E-MailWeiterleiten
LinkedInLinkedIn

Urteil Obergericht des Kantons Zürich (ZH)

Kopfdaten
Kanton:ZH
Fallnummer:VO140098
Instanz:Obergericht des Kantons Zürich
Abteilung:Verwaltungskommission
Obergericht des Kantons Zürich Entscheid VO140098 vom 17.07.2014 (ZH)
Datum:17.07.2014
Rechtskraft:-
Leitsatz/Stichwort:Gesuch um unentgeltliche Rechtspflege
Schlagwörter:
Rechtsnorm: Art. 104 ZPO ; Art. 113 ZPO ; Art. 117 ZPO ; Art. 119 ZPO ; Art. 122 ZPO ; Art. 145 ZPO ; Art. 207 ZPO ; Art. 272 OR ; Art. 99 ZPO ;
Referenz BGE:120 Ia 179; 131 I 113; 69 I 160;
Kommentar zugewiesen:
Spühler, Basler Kommentar zur ZPO, Art. 321 ZPO ; Art. 311 ZPO, 2017
Weitere Kommentare:-
Entscheid

Obergericht des Kantons Zürich

Präsident

Geschäfts-Nr.: VO140098-O/U

Mitwirkend: Der Obergerichtspräsident lic. iur. R. Naef sowie die Gerichtsschreiberin lic. iur. A. Leu

Urteilvom17.Juli2014

in Sachen

A. ,

Gesuchstellerin

vertreten durch Rechtsanwalt lic. iur. X.
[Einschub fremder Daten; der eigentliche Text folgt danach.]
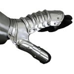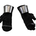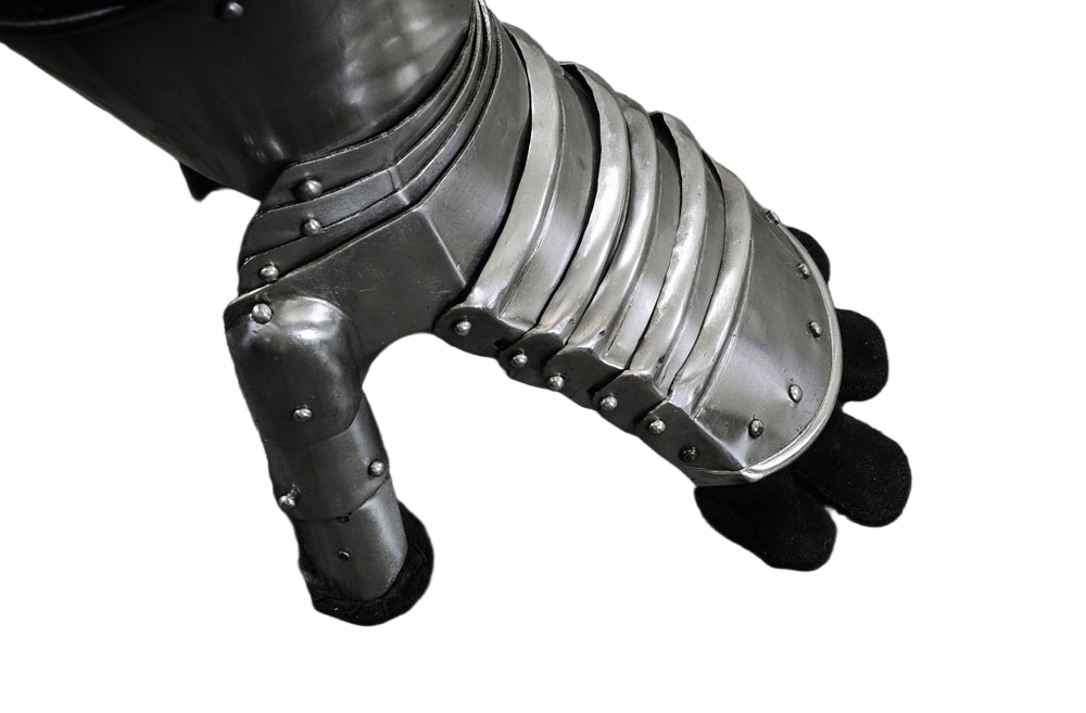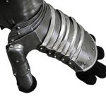 Whether engaging in close combat or distance fighting, these Maximilian Gauntlets promise excellent hand protection. Seeing as how one blow to the hand can be fatal, why take the risk? This pair features riveted 16 gauge steel plates with a blackened interior and affixed to suede leather gloves. Each piece attaches to the inner thumb, but it also allows for flexible movement within. Authentic in design, these gauntlets are great for costumes and re-enactments. Overall Length: 15”

betreffend Gesuch um unentgeltliche Rechtspflege

Erwägungen:

  1. Ausgangslage

    1. Mit Eingabe vom 15. Juli 2014 liess A. (nachfolgend: Gesuchstellerin) durch ihren Rechtsvertreter bei der Schlichtungsbehörde in Mietund Pachtsachen des Bezirkes Uster eine Klage betreffend Erstreckung des Mietverhältnisses gegen B. einreichen (act. 4/1).
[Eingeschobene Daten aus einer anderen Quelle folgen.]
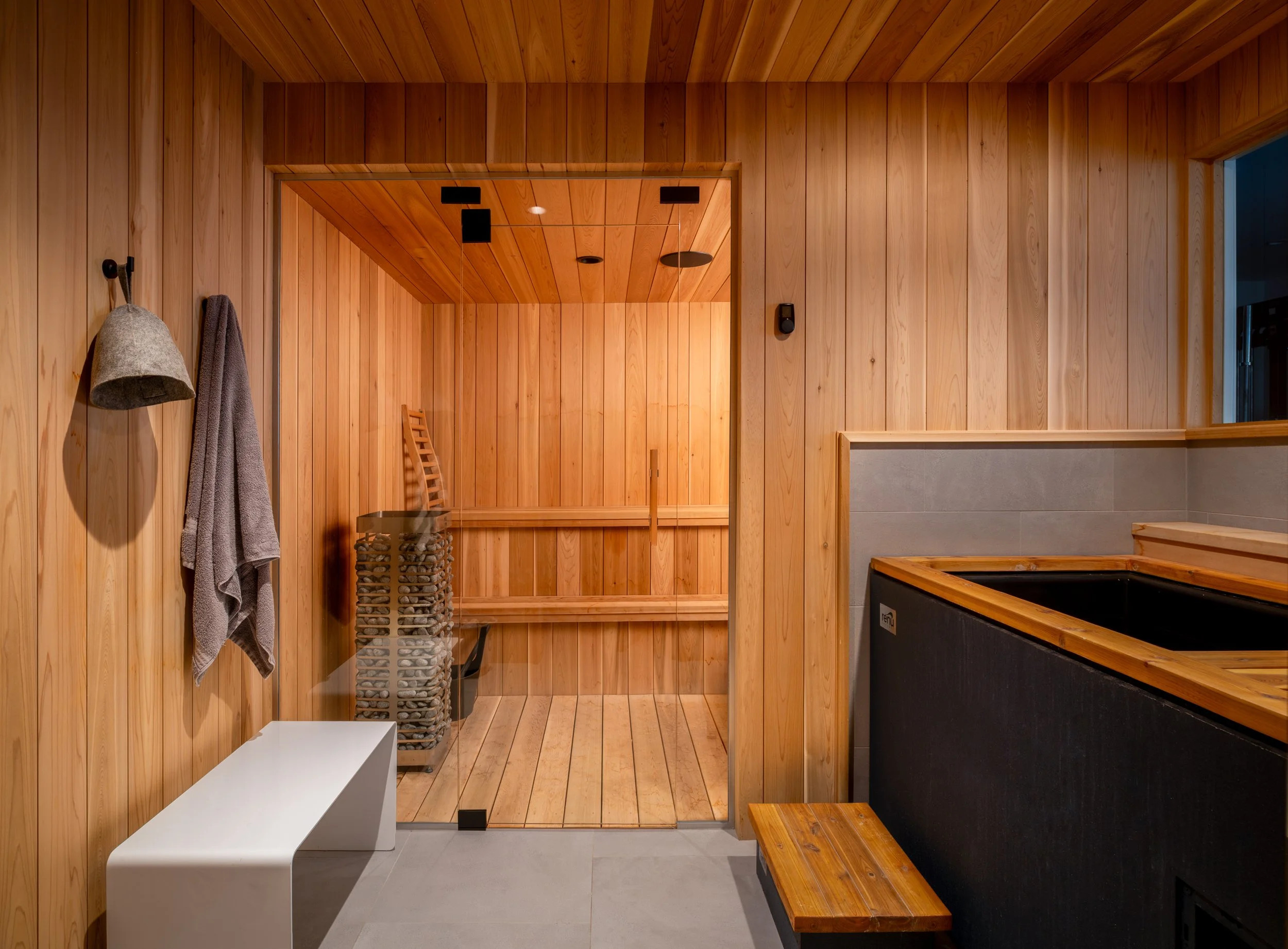 Strand Design outfitted this Minneapolis bathroom with an indoor sauna and cold plunge for a spa-like experience at home.

    2. Gleichentags liess sie sodann beim Präsidenten des Obergerichts des Kantons Zürich den Antrag stellen, es sei ihr für das bei der genannten Schlichtungsbehörde eingeleitete Verfahren in der Person von Rechtsanwalt lic. iur. X. ein unentgeltlicher Rechtsbeistand zu bestellen (act. 1).
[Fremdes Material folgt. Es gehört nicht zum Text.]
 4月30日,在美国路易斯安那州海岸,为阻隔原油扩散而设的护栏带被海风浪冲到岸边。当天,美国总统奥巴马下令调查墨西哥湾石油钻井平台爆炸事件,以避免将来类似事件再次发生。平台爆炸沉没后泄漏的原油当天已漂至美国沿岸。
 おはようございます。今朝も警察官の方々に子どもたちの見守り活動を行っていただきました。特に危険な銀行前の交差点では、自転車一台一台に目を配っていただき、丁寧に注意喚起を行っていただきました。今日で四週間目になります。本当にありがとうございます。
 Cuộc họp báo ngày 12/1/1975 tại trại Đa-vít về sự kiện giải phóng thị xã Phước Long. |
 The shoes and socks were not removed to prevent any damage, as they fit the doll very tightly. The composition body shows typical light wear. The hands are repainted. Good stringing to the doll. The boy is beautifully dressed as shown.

    3. Im Schlichtungsverfahren werden gemäss Art. 113 Abs. 1 ZPO keine Parteientschädigungen gesprochen, weshalb auch eine Sicherheit für die Parteientschädigung i.S.v. Art. 99 ZPO nicht zur Frage steht. Die Gegenpartei ist daher gemäss Art. 119 Abs. 3 ZPO e contrario nicht zwingend anzuhören.

  2. BeurteilungdesGesuchs

    1. Für die Beurteilung von Gesuchen um unentgeltliche Rechtspflege vor Einreichung der Klage bei Gericht ist gemäss § 128 GOG der Obergerichtsprä- sident im summarischen Verfahren (Art. 119 Abs. 3 ZPO) zuständig. Die unentgeltliche Rechtspflege ist gemäss Art. 119 Abs. 5 ZPO vor jeder Instanz neu zu beantragen, weshalb der Obergerichtspräsident diese bei Vorliegen der Anspruchsvoraussetzungen nur bis zum Abschluss des Schlichtungsverfahrens bewilligen kann.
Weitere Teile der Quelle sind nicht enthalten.